Surely, if the compensation was high enough, you'd be like, "Sure, I'm happy with that outcome." And then, if the AI company thinks they have a low enough failure rate that the expected cost of paying out the compensation still lets them make a profit, then they could make that promise to all customers.

Though a compensation that high sounds like it would invite fraud, where the customer would be glad to have something go "wrong" and get a fat check. Not sure if that's a solvable problem.

ml-anon · 2026-06-09T12:33:50 1781008430

they are literally burning billions of dollars and can presumably keep doing this for a while. Taking a trivial amount of additional financial liability to launder their reputation wouldn't meaningfully improve things.

cjonas · 2026-06-09T04:34:30 1780979670

These use cases will just be built as "open source" (openclawd) or even custom one off application in the future. I've been building apps to run the tedious parts of my life recently. Meal planning, personal finance, bills, tax organization... Why would I pay for services that will be enshiftified when I can build a app that does exactly what I want in an afternoon. Yes the code is shit and it wouldn't scale... But it doesn't need to

whywhywhywhy · 2026-06-09T09:06:39 1780995999

> Why would I pay for services that will be enshiftified when I can build a app that does exactly what I want in an afternoon

Because the problem now took a whole afternoon to solved and sapped your creative energy instead.

losteric · 2026-06-09T04:43:02 1780980182

> Why would I pay for services that will be enshiftified when I can build an app that does exactly what I want in an afternoon.

When we talk about “the market”, the customer base, remember it’s a market that typically doesn’t know how to or care to even install an adblocker.

cjonas · 2026-06-09T04:55:33 1780980933

I don't see any mention of "the market" anywhere in this thread. I'm just talking about the ability for a motivated user to solve real problems with these tools. Right now these solutions are available to software developers but over time it will become approachable to more users

skylurk · 2026-06-09T06:03:11 1780984991

For fun I planned a holiday entirely with LLM's lately, and followed through.

It used good models and did a lot of searching, including searches in other languages. It got nothing right, riddled with fake places and times. It also found some weird and unique places I never would have considered.

I had a blast, brought me back to traveling pre-internet, requiring a level of spontaneity I had forgotten we used to depend on. 100% recommend it.

somat · 2026-06-09T12:12:19 1781007139

The juxtaposition between what perhaps the best single use case I have seen for AI and how bad of an ad for it is killing me. I love it.

"I told my bumbling assistant to plan a trip for me and he got nothing right but I enjoyed it because the chaos introduced a certain spontaneity and whimsy missing from my life"

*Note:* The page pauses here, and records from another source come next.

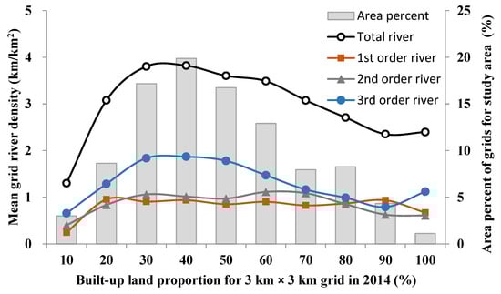 Previous researchers showed that urbanization has a profound impact on river systems, and most researchers have concentrated on correlations between river indicators and impermeable surface coverage in watersheds or districts [20]. Figure 9 shows the relationship between the proportion of built-up land and the corresponding mean GRD of river systems on a 3 km × 3 km scale in 2014. The mean GRD of a first-order river and second-order river increased until the proportion of built-up land was 20%, and then smoothly fluctuated and tended to weakly decrease with an overall increase in the proportion of built-up land. However, the mean GRD of a third-order river first sharply increased and then continuously decreased; the corresponding turning point was a 40% proportion of built-up land. Similar results have been found in previous studies. The larger rivers (or higher order rivers) were usually dredged and reconstructed to meet the needs of flood protection and drainage during low urbanization levels in the Hangzhou-Jiaxing-Huzhou Plain [26] and the Tai Lake Watershed [28]. Moreover, in heavily urbanized portions of the Gunpowder-Patapsco Watershed, larger rivers were protected from burial by prominent riparian zones and environmental legislation [12]. In contrast, smaller rivers (or lower order rivers) were more extensively buried than larger rivers [3] and the difference increased with increasing impervious surface coverage in the Chesapeake Bay Watershed [35] and the Nansi Lake Basin [12]. In addition, some smaller rivers were widened and changed into larger rivers to improve the abilities of storage and discharge [28].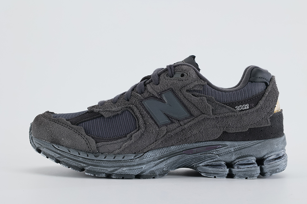 Utilizing a harmonious blend of premium materials, the sneaker features distressed suede and mesh, providing a juxtaposition of durability and breathability. This choice reflects a meticulous attention to both form and function, ensuring that the 2002R ‘Protection Pack – Phantom’ stands out not just for its looks but also for its wearability. The silhouette’s raw edges and layered panels contribute to a dynamic visual effect, further accentuated by the subtle yet impactful ‘Phantom’ hue.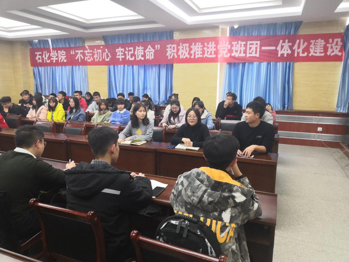 11月21日,石化学院在彭家坪校区石化大楼318召开了18级“不忘初心、牢记使命”积极推进党班团一体化建设会。党委副书记李荣华、辅导员樊晨浩、王芳莉及18级班团干部参加了会议。
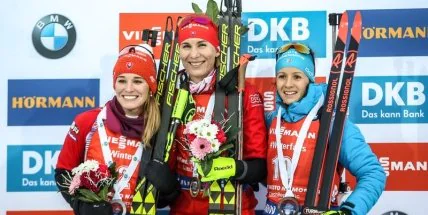 Анастасия Кузьмина в борьбе с Доротеей Вирер выиграла первый масс-старт сезона на этапе Кубка мира в Нове Место.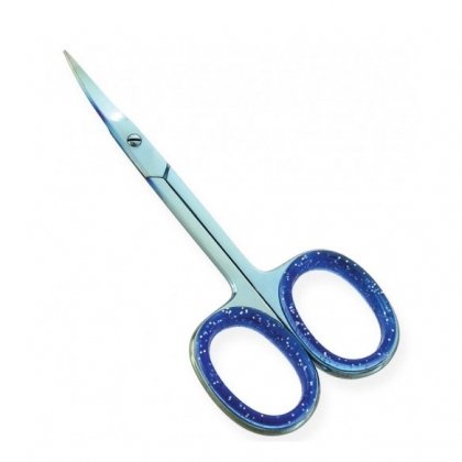 Available Sizes. 3 inches All scissors are made of superior quality stainless steel 410, HRC (hardness) 45 – 48. Available in Blister Packing, Pouches and Plastic Bags. Nail Scissors Blue Titanium coated, Adjustable Screw, Curved

diroussel · 2026-06-09T06:57:56 1780988276

I found that Deep Research mode in Gemini was able to give me a well planned 4 day trip to a major city.

I told it my preferences and of the group members, where we arrived and departed, at what times. I gave it my itinerary and then asked it to plan two new itineraries and also suggest a location to book a hotel that was convenient for the early flight on the last day.

I went away for 20 mins and gave me a 20 page document with a good summary and decent options. I did choose some of the activities it suggested.

I did this 10 months ago. It’s probably better now.

But Gemini has access to google maps, so it can estimate travel times, and know which lunch places are near which sites and which hotels have good reviews. So if you want AI to work for travel panning you need to ground it in good data.

grey-area · 2026-06-09T07:32:04 1780990324

Or maybe there are just a few complete trips to major city in the training data that it could copy from? I imagine major destinations are much easier.

riffraff · 2026-06-09T07:48:30 1780991310

I used LLMs last year to plan an multiple week itinerary through Japan with the family, I wasn't super happy with the result so I tweaked it but they provided a useful template and some surprising ideas.

As you guessed, there's a ton of info in the training data on this topic, but there's some value in being able to see it on one place with different options.

DrewADesign · 2026-06-09T09:31:32 1780997492

I think your experience with that trip echoes mine in a lot of areas. It’s a decent start. It takes care of some of the initial blue sky thinking to lay the groundwork. The problem is I think that’s the funnest part of a problem and I hate working on the details… it takes most of the creativity out of most problems as if it was drudgery, while leaving me to do the nitty gritty, which I consider the actual drudgery. I just don’t see LLMs’ contribution to tasks like this being anywhere close to being worth what they’ll cost after the VC subsidies run dry.

steve1977 · 2026-06-09T08:09:15 1780992555

I think that's a large part behind the "success" of LLMs... people vastly overestimate their uniqueness.

JohnBooty · 2026-06-09T11:48:25 1781005705

It’s really one of the most flabbergasting things about discussing LLMs with the naysayers.

There are a lot of extremely legitimate concerns, like the environmental impact and so on.

But I just laugh when they point out that LLMs are merely clever regurgitators of their previous inputs… as if this isn’t how we as humans operate nearly all of the time. People realllllllllly want to think they’re special snowflakes.

grey-area · 2026-06-09T12:15:42 1781007342

It is not in fact how humans work at all.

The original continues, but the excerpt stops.